Contoh materi semester 2 meliputi energi, energi terbarukan, pemanasan global, perubahan iklim, pencemaran lingkungan, dan solusi berbasis sains.

Apakah pembagian materi semester harus sama di semua sekolah?

Tidak. Pembagian materi dapat disesuaikan dengan ATP, kalender pendidikan, jumlah minggu efektif, fasilitas sekolah, dan kebutuhan peserta didik.

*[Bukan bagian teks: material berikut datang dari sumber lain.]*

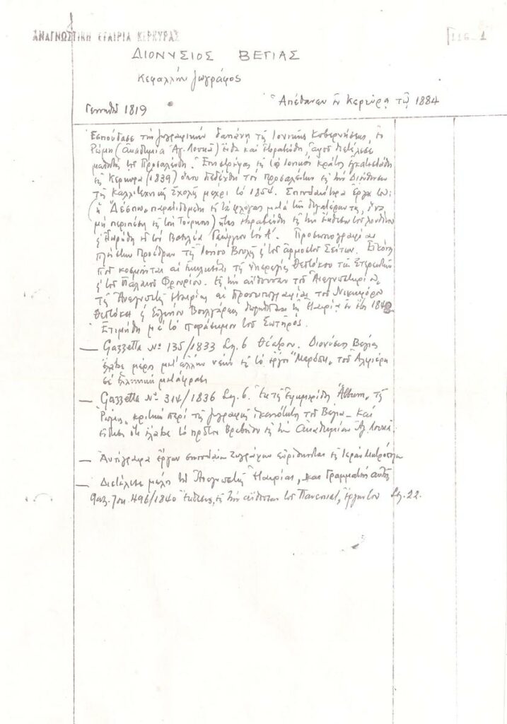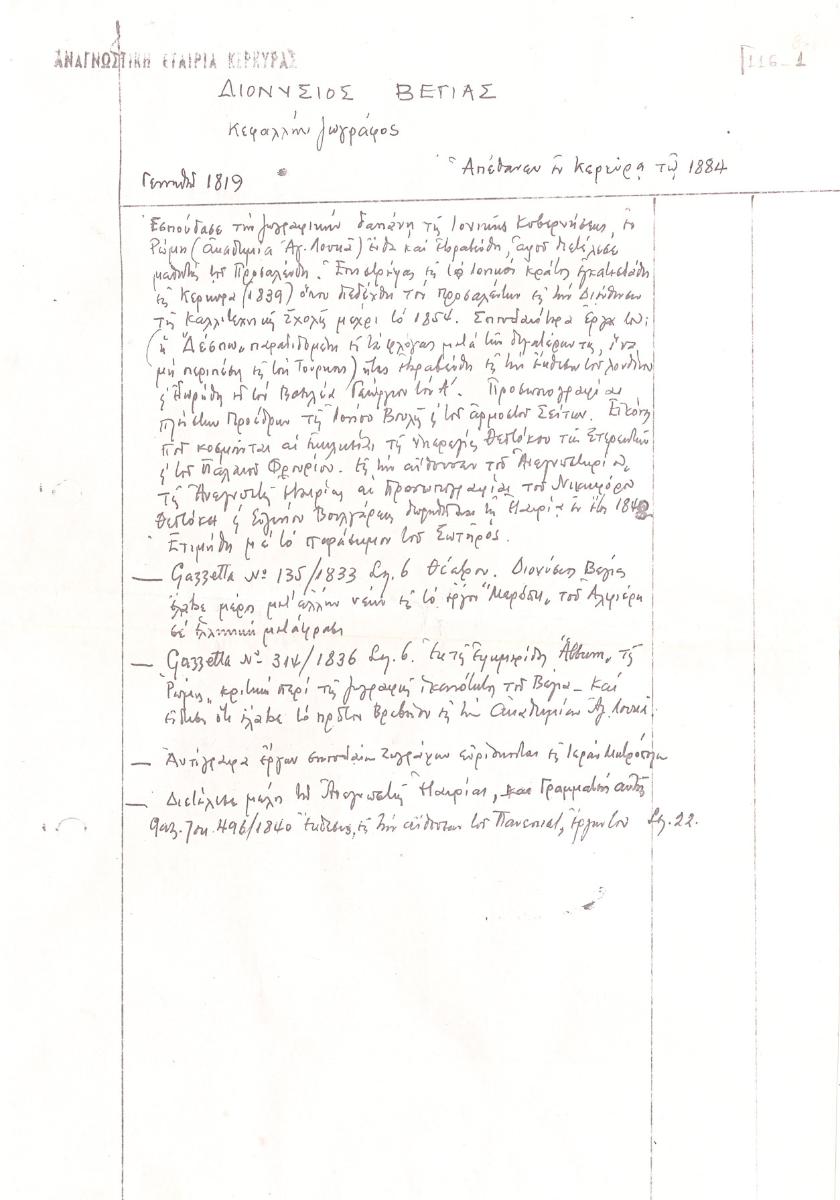 Διονύσιος Βέγιας (1810 - 1884) ; Δημήτριος Ι. Καλογερόπουλος (1868 - 1954)
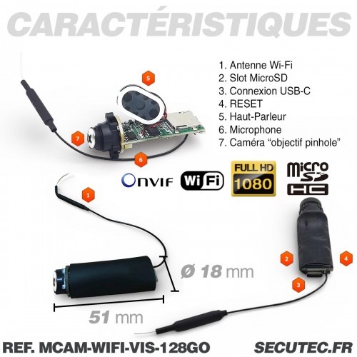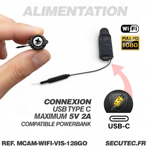 Micro caméra WiFi Full HD 1080P objectif vis connexion USB-C audio bidirectionnel enregistrement intelligent sur carte micro SD 128Go

Apa bentuk asesmen Fisika kelas 10?

Asesmen dapat berbentuk tes tertulis, observasi, laporan praktikum, kuis, presentasi, projek energi, infografik perubahan iklim, atau portofolio.

Bagaimana cara mengubah file Word menjadi PDF?

Setelah dokumen selesai diedit, pilih menu Save As atau Export pada aplikasi pengolah kata, kemudian pilih format PDF dan periksa kembali tata letaknya.

Apakah file modul ajar boleh langsung digunakan?

File sebaiknya diperiksa dan disesuaikan terlebih dahulu dengan ATP, kondisi sekolah, alat praktikum, kemampuan peserta didik, dan waktu pembelajaran.

Sumber Referensi Resmi

Disclaimer: Artikel dan file yang tersedia merupakan bahan informasi serta referensi bagi guru. Modul ajar perlu diperiksa dan disesuaikan sebelum digunakan. Situs ini tidak mengklaim file sebagai produk resmi pemerintah kecuali dokumen tersebut memang diterbitkan oleh instansi resmi.